_Problem requirements_
From the material below, return exactly the lines starting at the one that holds "Фреза радиусная с" and ending at the one that holds "Ми, стоматологи Тернополя, хочемо, щоб". Pictures stay out of the answer.

Records to use below:

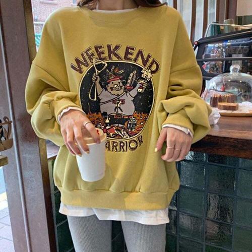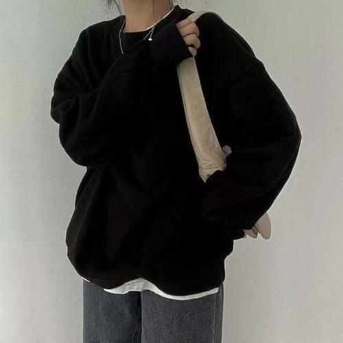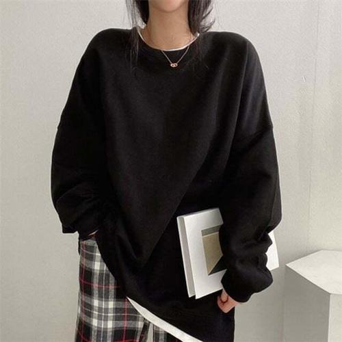 [셀럽하우스]여성 BDIY3024 맨투맨 루즈핏 기모 안감 편한 티셔츠 레이어드
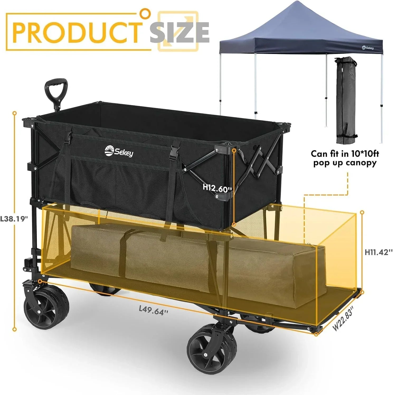 400L Large Capacity Folding Double Decker Wagon with Brakes 50" Extra Long Extender Cart
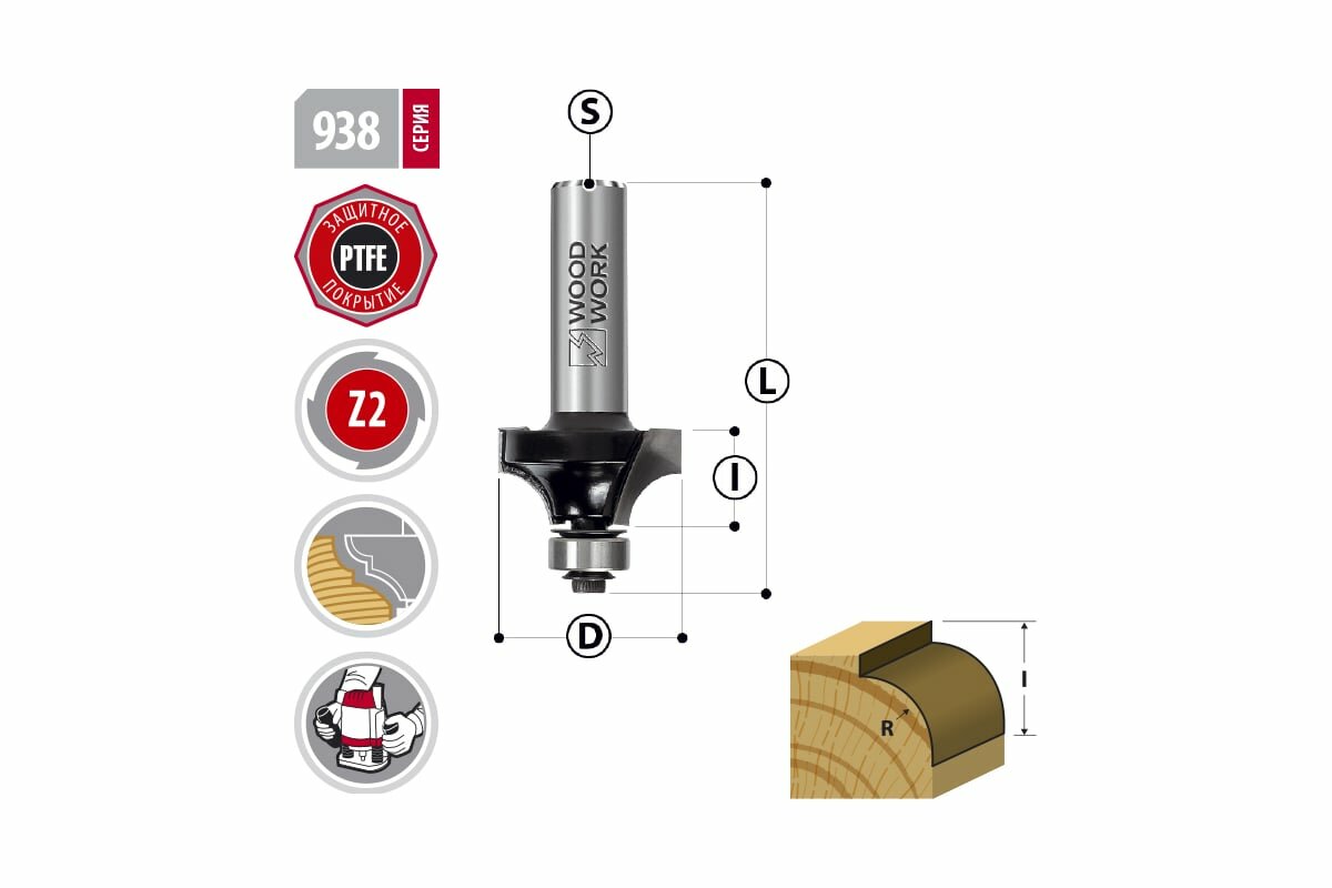 Фреза радиусная с подшипником R12.7 D38.1 L68 S12 Woodwork 938.1238.12
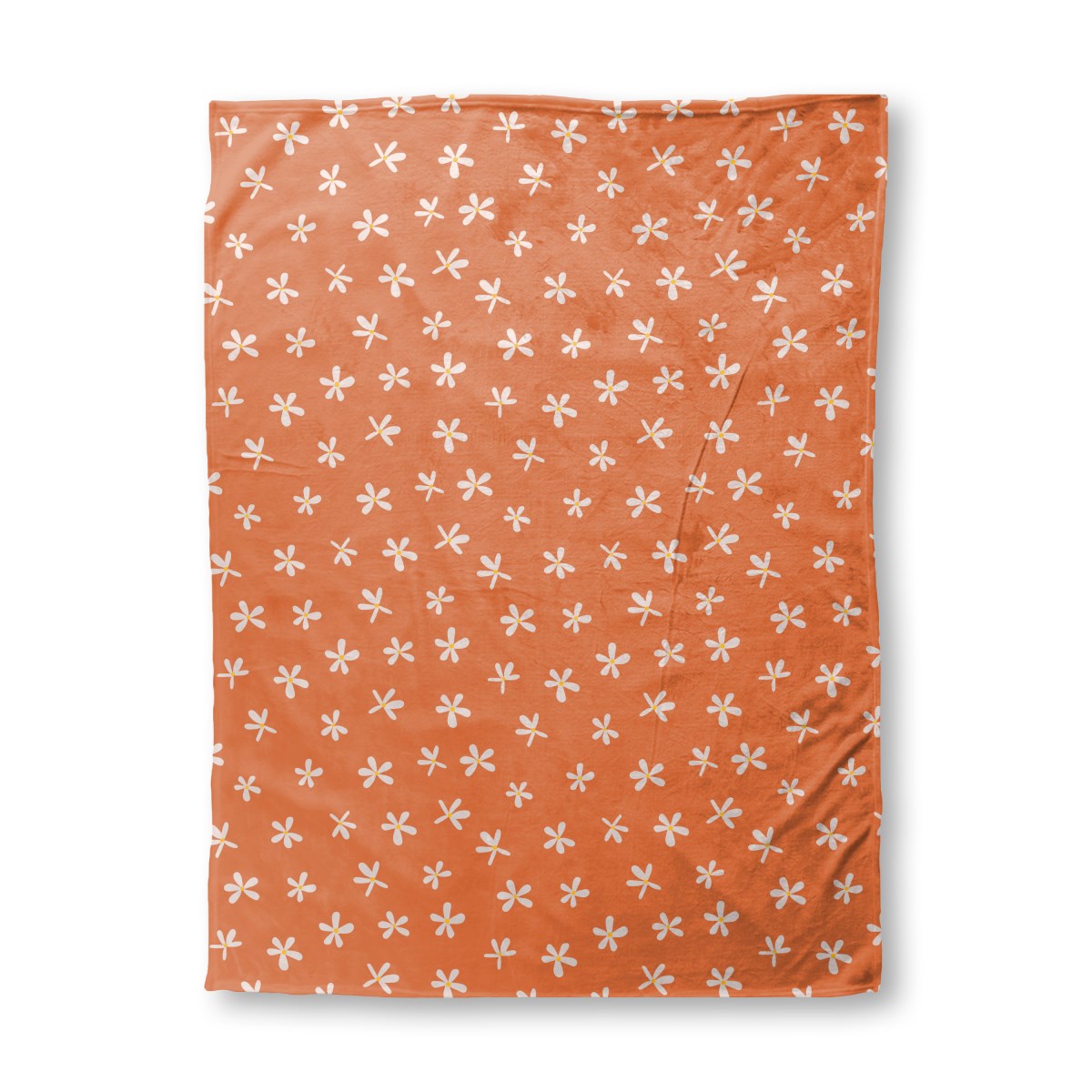 A seamless floral pattern featuring small, simple white flowers with yellow centers. The stylized blossoms are scattered across a warm, terracotta-colored background, creating a charming and minimalist design with a hand-drawn feel.
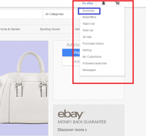 ここのページに入ると右上の「My ebay」にカーソルを持っていくとプルダウンメニューが出てきますね。
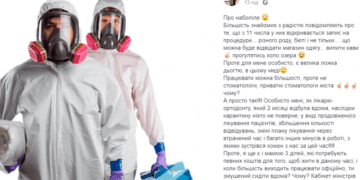 Ми, стоматологи Тернополя, хочемо, щоб наші пацієнти знали, що ми не байдужі і хочемо працювати, якісно, ми готові забезпечити гідні умови на своїх робочих місцях, щоб уникнути поширення СOVID-19. Проте нам на це заборонено! Вимагаємо розуміння і підтримки!” – пише Dana Plishka.
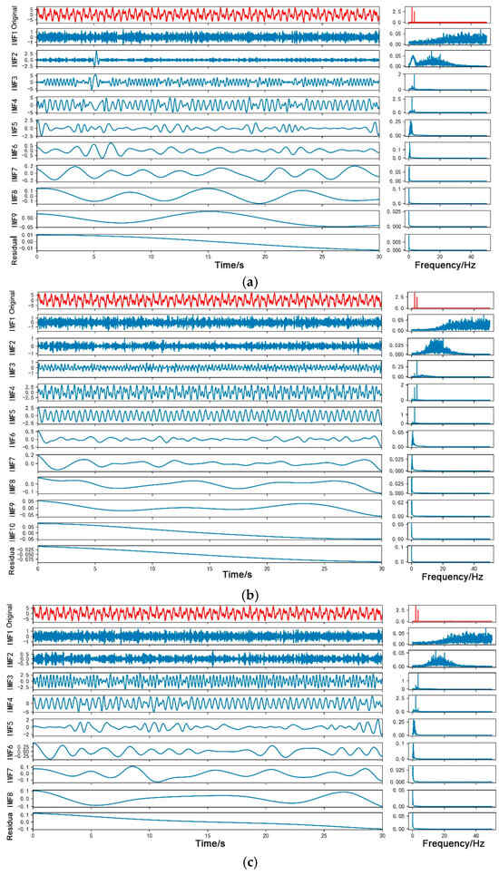 Upon analyzing the decomposition results in Figure 4, it is evident that the first two IMF components predominantly consist of high-frequency white noise. However, in Figure 4a, the IMF 2 component from the EMD decomposition reveals a noticeable mixture of useful signals, while the separation achieved by EEMD in Figure 4b and CEEMDAN in Figure 4c is more effective, with the signal and high-frequency white noise being largely separated. Due to the presence of noise in the signal, EMD and EEMD exhibit mode mixing issues, and the EEMD method produces more IMF components than both EMD and CEEMDAN, potentially generating more spurious components. While EMD is complete and allows for the accurate reconstruction of the original signal without adding white noise, EEMD and CEEMDAN involve white noise in their decomposition processes, which necessitates an evaluation of their reconstruction errors.

End of Records to use.

_Solution to this task_
 Фреза радиусная с подшипником R12.7 D38.1 L68 S12 Woodwork 938.1238.12
 A seamless floral pattern featuring small, simple white flowers with yellow centers. The stylized blossoms are scattered across a warm, terracotta-colored background, creating a charming and minimalist design with a hand-drawn feel.
 ここのページに入ると右上の「My ebay」にカーソルを持っていくとプルダウンメニューが出てきますね。
 Ми, стоматологи Тернополя, хочемо, щоб наші пацієнти знали, що ми не байдужі і хочемо працювати, якісно, ми готові забезпечити гідні умови на своїх робочих місцях, щоб уникнути поширення СOVID-19. Проте нам на це заборонено! Вимагаємо розуміння і підтримки!” – пише Dana Plishka.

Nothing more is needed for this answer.